#### [TASK DIRECTIONS]
From the line with "(Buster Gonad is" to the line with "为了满足我校师生紧急的日常生", retype every line exactly, including those two, and leave out the rest of the data below.

#### [LISTED RECORDS]
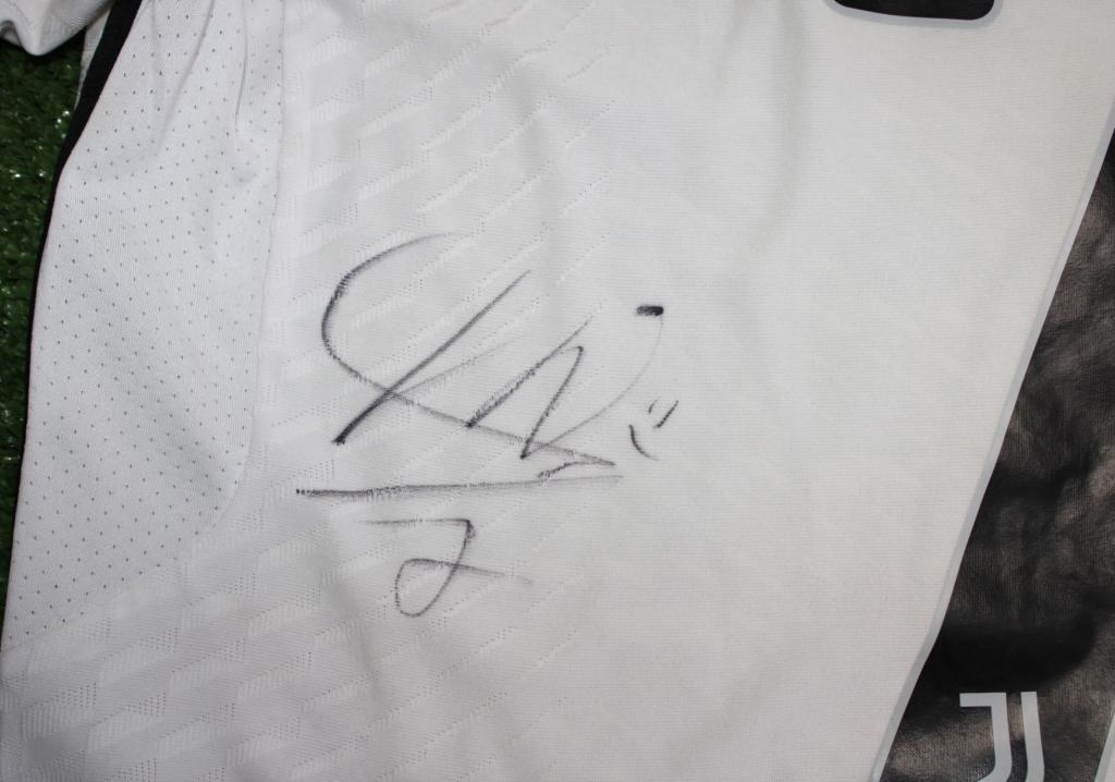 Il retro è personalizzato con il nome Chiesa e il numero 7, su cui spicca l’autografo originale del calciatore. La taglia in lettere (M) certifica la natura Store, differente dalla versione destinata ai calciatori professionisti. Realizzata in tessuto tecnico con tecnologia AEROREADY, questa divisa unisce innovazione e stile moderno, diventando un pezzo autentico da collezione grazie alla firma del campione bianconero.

==

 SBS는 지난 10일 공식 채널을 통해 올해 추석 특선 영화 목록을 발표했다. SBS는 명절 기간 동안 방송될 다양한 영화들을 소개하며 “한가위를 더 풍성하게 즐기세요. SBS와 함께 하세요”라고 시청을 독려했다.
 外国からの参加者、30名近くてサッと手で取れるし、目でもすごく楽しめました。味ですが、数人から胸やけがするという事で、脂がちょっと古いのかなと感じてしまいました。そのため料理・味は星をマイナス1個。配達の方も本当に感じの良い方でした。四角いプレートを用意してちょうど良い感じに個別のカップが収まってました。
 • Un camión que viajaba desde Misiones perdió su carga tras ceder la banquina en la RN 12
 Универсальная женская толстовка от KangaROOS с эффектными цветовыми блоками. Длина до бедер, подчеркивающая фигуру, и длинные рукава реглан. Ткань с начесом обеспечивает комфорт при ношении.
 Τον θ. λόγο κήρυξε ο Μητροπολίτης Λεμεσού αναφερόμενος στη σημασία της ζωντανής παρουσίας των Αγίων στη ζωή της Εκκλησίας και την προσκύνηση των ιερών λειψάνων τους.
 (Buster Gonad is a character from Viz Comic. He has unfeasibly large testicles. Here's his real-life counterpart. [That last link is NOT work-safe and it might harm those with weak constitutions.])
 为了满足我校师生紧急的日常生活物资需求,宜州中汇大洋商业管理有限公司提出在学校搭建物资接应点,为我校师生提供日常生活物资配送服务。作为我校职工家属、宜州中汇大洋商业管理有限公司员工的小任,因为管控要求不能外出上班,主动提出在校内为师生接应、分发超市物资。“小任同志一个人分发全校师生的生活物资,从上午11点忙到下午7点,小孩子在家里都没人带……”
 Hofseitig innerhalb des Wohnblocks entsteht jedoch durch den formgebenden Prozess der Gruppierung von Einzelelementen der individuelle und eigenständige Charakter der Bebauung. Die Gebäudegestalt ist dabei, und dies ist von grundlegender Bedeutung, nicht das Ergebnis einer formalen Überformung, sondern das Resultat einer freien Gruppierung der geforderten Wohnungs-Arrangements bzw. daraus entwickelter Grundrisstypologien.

---

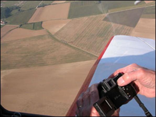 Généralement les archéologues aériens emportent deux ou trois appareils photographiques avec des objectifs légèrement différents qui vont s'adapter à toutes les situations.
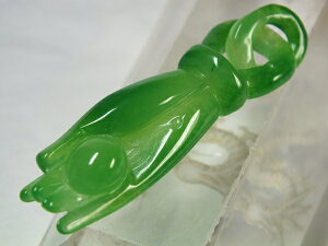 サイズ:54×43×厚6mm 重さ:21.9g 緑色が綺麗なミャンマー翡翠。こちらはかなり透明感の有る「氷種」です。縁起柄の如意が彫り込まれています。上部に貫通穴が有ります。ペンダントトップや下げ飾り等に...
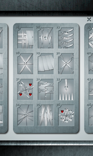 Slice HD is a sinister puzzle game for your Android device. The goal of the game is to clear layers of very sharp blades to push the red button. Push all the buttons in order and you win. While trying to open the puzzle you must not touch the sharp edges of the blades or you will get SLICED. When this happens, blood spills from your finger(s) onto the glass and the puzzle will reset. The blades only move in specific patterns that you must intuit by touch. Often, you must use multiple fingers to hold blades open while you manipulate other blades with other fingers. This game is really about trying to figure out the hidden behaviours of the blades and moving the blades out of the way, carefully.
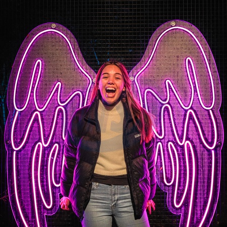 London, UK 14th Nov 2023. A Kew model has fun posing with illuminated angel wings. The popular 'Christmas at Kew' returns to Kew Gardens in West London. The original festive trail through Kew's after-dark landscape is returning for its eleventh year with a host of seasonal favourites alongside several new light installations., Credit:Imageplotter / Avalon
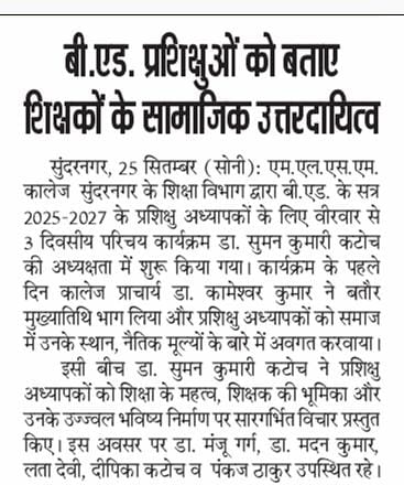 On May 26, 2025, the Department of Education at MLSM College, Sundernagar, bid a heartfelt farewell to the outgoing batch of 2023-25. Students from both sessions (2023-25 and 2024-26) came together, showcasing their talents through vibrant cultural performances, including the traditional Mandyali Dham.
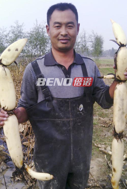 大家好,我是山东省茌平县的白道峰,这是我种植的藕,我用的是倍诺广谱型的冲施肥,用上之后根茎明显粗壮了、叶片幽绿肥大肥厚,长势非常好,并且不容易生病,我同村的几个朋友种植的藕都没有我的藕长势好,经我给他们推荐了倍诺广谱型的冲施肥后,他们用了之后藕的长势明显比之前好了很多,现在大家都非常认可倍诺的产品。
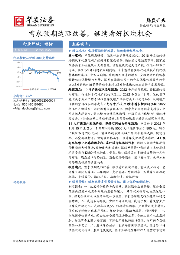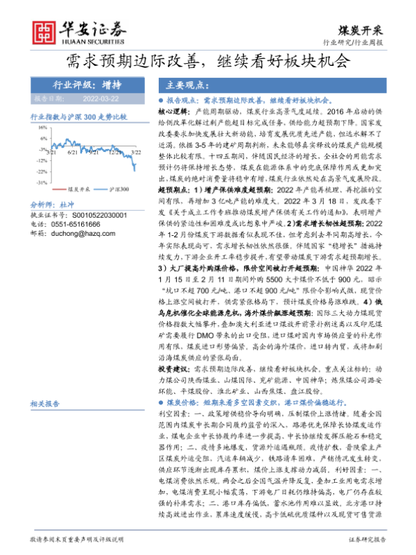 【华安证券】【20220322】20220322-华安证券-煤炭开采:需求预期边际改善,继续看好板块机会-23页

#### [RESULT OF THE TASK]
 (Buster Gonad is a character from Viz Comic. He has unfeasibly large testicles. Here's his real-life counterpart. [That last link is NOT work-safe and it might harm those with weak constitutions.])
 为了满足我校师生紧急的日常生活物资需求,宜州中汇大洋商业管理有限公司提出在学校搭建物资接应点,为我校师生提供日常生活物资配送服务。作为我校职工家属、宜州中汇大洋商业管理有限公司员工的小任,因为管控要求不能外出上班,主动提出在校内为师生接应、分发超市物资。“小任同志一个人分发全校师生的生活物资,从上午11点忙到下午7点,小孩子在家里都没人带……”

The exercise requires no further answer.